▶ _DATA BELOW_
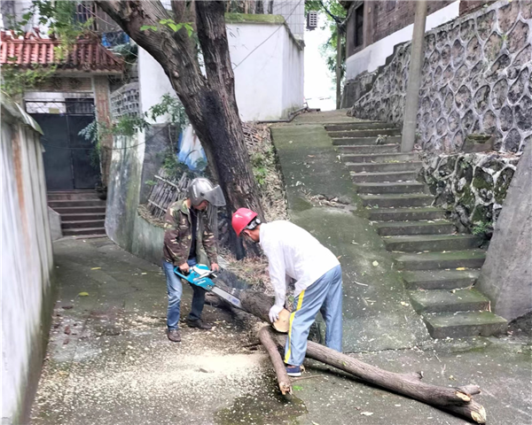 發布時間:2024-07-25 14:04:00 | 來源:中國網 | 作者: | 責任編輯:趙茜“我們這棟樓門口有顆大樹樹枝已有斷裂,對過往居民存在很大的安全隱患,希望趕緊派人來處理一下!”近日,八一街12345熱線接到了呂家沖社區居民張女士的求助電話。接到工單后,八一街立即組織相關部門、社區人員進行現場勘察,經過一個多小時的安全作業后,工作人員將斷裂枝干全部砍除,解決了居民的擔憂。經回訪,張女士對八一街的辦事效率表示非常滿意,并感謝12345熱線的幫助。
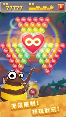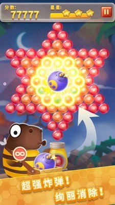 泡泡龙物语游戏拥有创意的玩法,全新的关卡模式和新颖的无尽模式;跟着呆萌小蜜蜂吉米和波比进行丛林收集蜂蜜。
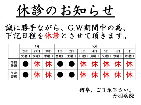 都合により金曜外来担当医師の大岡先生が下記日程は休診日となります。2026年3月6日(金)当日は丹羽先生の診察 ...continue reading 大岡先生休診日のお知らせ

▶ _TASK OBJECTIVE_
The reply should repeat the listing above exactly and contain no pictures.

▶ _ANSWER TO THE PROBLEM_
 發布時間:2024-07-25 14:04:00 | 來源:中國網 | 作者: | 責任編輯:趙茜“我們這棟樓門口有顆大樹樹枝已有斷裂,對過往居民存在很大的安全隱患,希望趕緊派人來處理一下!”近日,八一街12345熱線接到了呂家沖社區居民張女士的求助電話。接到工單后,八一街立即組織相關部門、社區人員進行現場勘察,經過一個多小時的安全作業后,工作人員將斷裂枝干全部砍除,解決了居民的擔憂。經回訪,張女士對八一街的辦事效率表示非常滿意,并感謝12345熱線的幫助。
 泡泡龙物语游戏拥有创意的玩法,全新的关卡模式和新颖的无尽模式;跟着呆萌小蜜蜂吉米和波比进行丛林收集蜂蜜。
 都合により金曜外来担当医師の大岡先生が下記日程は休診日となります。2026年3月6日(金)当日は丹羽先生の診察 ...continue reading 大岡先生休診日のお知らせ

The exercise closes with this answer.